SUPPLIED INFORMATION Block Start

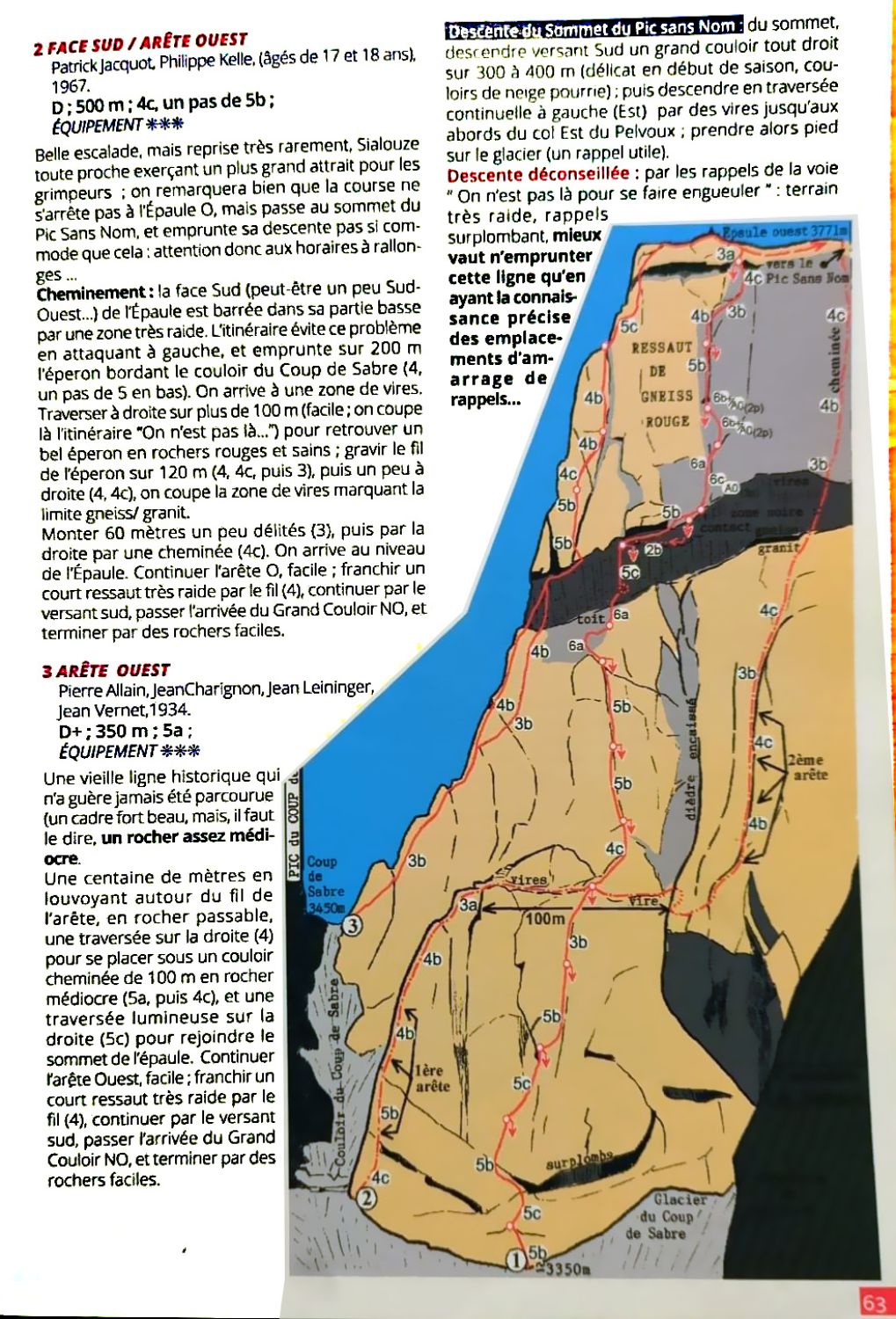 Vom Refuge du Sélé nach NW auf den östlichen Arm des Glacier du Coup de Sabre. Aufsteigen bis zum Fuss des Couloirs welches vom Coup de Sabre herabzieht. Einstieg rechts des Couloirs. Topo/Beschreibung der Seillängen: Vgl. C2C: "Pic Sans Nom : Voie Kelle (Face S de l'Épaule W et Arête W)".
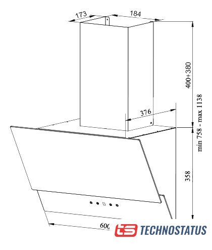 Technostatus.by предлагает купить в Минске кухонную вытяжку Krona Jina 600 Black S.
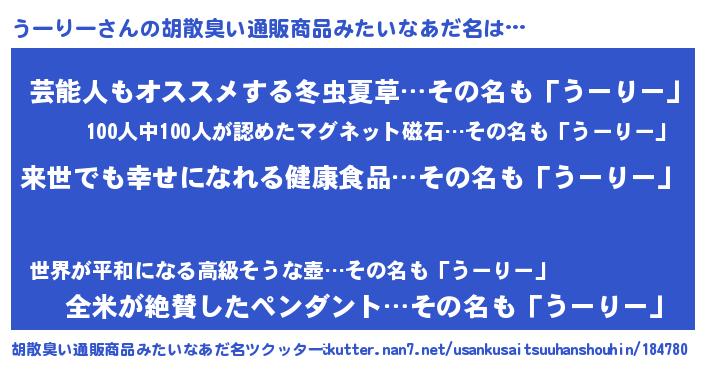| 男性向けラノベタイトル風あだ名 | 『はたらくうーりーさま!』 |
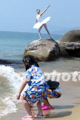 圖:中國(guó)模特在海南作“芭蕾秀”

SUPPLIED INFORMATION Block End

Copy the listing above verbatim, leaving out pictures.

> **TASK OUTPUT**:
 Vom Refuge du Sélé nach NW auf den östlichen Arm des Glacier du Coup de Sabre. Aufsteigen bis zum Fuss des Couloirs welches vom Coup de Sabre herabzieht. Einstieg rechts des Couloirs. Topo/Beschreibung der Seillängen: Vgl. C2C: "Pic Sans Nom : Voie Kelle (Face S de l'Épaule W et Arête W)".
 Technostatus.by предлагает купить в Минске кухонную вытяжку Krona Jina 600 Black S.
| 男性向けラノベタイトル風あだ名 | 『はたらくうーりーさま!』 |
 圖:中國(guó)模特在海南作“芭蕾秀”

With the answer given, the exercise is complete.